WORK TO BE COMPLETED: Quote exactly, and only, the lines of the material below from the line with "Join us on Wed, November" through the line with "Host a successful".

(INFORMATION PROVIDED)

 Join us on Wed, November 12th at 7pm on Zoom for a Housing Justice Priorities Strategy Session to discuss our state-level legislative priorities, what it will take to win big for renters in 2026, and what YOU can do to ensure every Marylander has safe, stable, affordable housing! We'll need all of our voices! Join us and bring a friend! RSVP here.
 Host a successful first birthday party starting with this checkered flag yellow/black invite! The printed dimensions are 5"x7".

(End INFORMATION PROVIDED)
(INFORMATION PROVIDED)

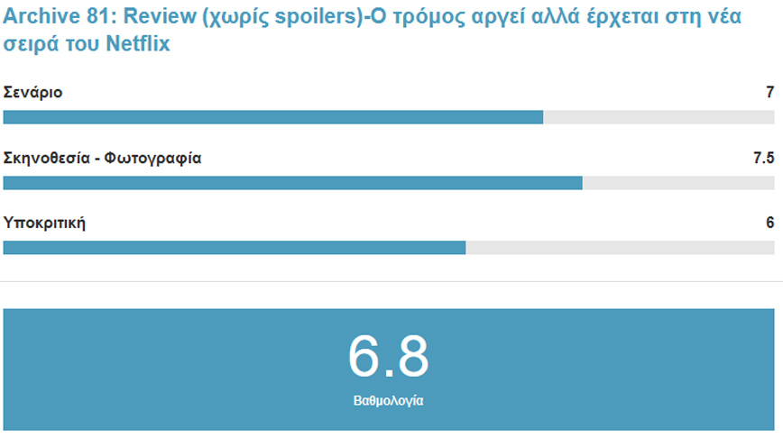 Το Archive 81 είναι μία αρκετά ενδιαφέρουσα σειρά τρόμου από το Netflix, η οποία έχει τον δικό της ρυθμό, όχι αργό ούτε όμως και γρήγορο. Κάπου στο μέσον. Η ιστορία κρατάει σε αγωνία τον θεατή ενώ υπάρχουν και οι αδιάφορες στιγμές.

(End INFORMATION PROVIDED)

EXPECTED OUTPUT:
 Join us on Wed, November 12th at 7pm on Zoom for a Housing Justice Priorities Strategy Session to discuss our state-level legislative priorities, what it will take to win big for renters in 2026, and what YOU can do to ensure every Marylander has safe, stable, affordable housing! We'll need all of our voices! Join us and bring a friend! RSVP here.
 Host a successful first birthday party starting with this checkered flag yellow/black invite! The printed dimensions are 5"x7".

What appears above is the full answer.